Nationally, there’s plenty of financial liquidity to get through this and the federal government is willing to print more money to make it work, but Baltimore may be in a better position than some cities to recover quickly, Helmrath says.

That’s because of federal government jobs (i.e. a federal court, the Social Security Administration, the NSA and other intelligence agencies) and a financially healthy state government.

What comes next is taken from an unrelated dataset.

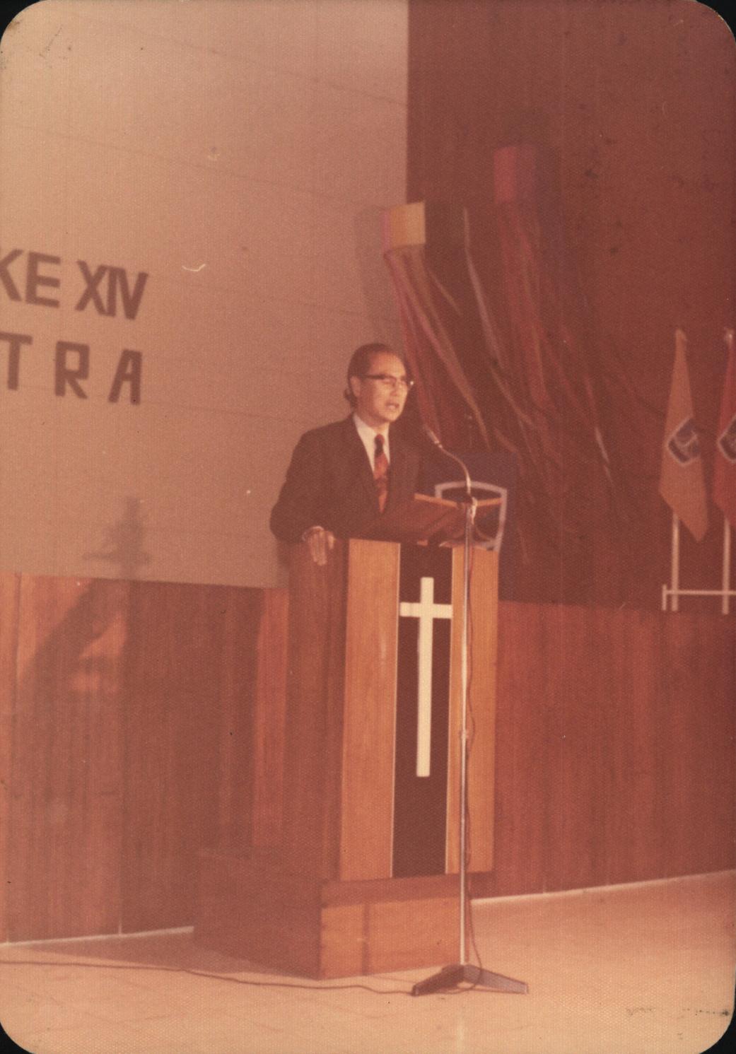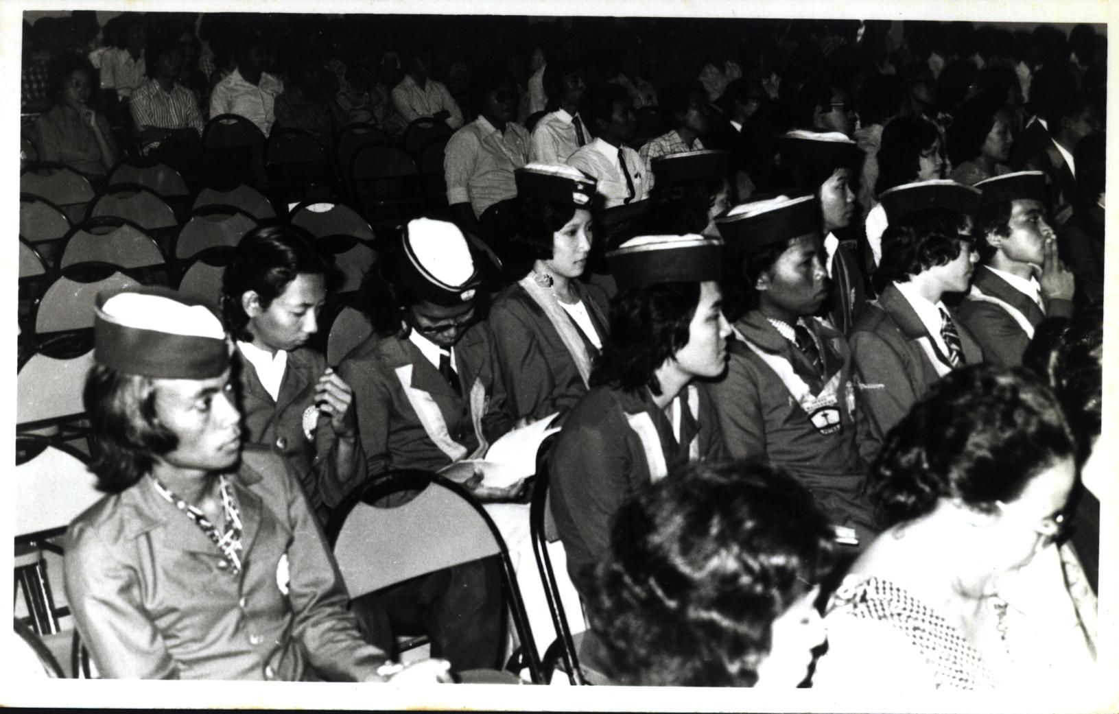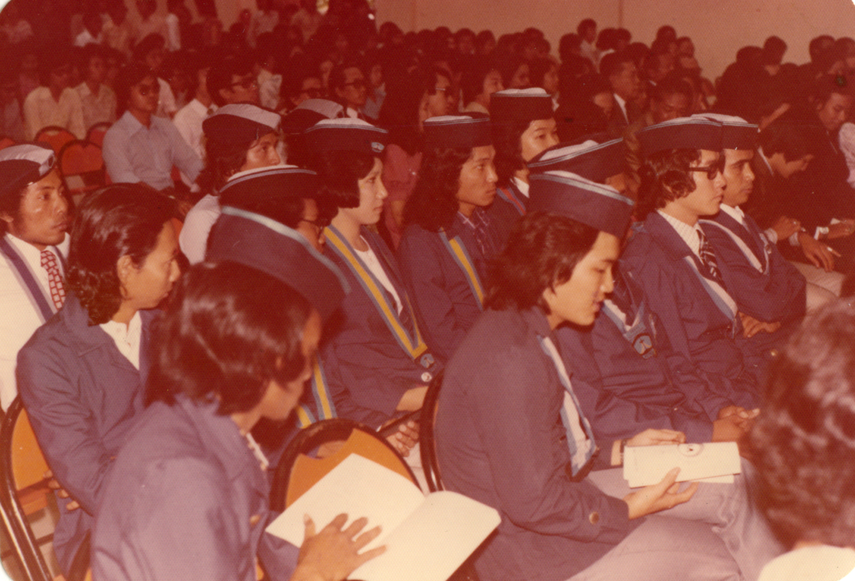 Dokumentasi wisuda sarjana dan sarjana muda pada dies natalis XIV Universitas Kristen Petra tanggal 25 Oktober 1975.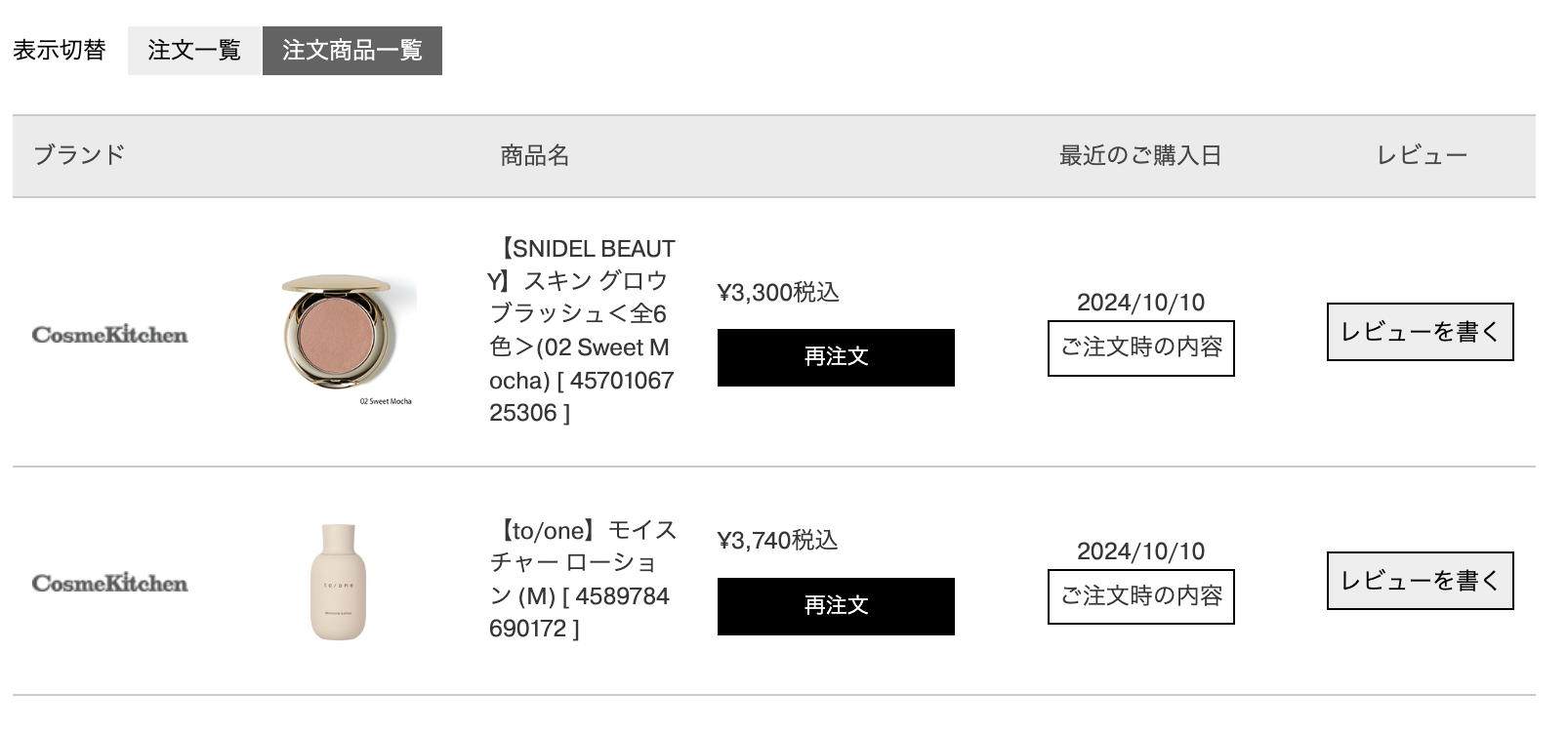 ・商品毎にある「レビューを書く」を選択いただくと、レビュー投稿いただけます

“Outside of the city, Maryland also has a great deal of wealth that other areas don’t have to weather this,” Helmrath says. “But this is really a time to look at what you can create that’s new and needed, something that wasn’t there before.”

And, so, exactly how long will this drag on before any recovery can start?

“Maryland’s stay-at-home order was given later than would have been optimal,” says Quintero. “The epidemic curve was allowed to accelerate. There aren’t significant studies at the city level, but the projections for the whole state of Maryland, in terms of peak deaths, has now been updated to May 1 in a study by the University of Washington and The Institute for Health Metrics and Evaluation (IHME). This is already taking into account the stay-at-home order, and assuming the population complies. So the situation is not positive.”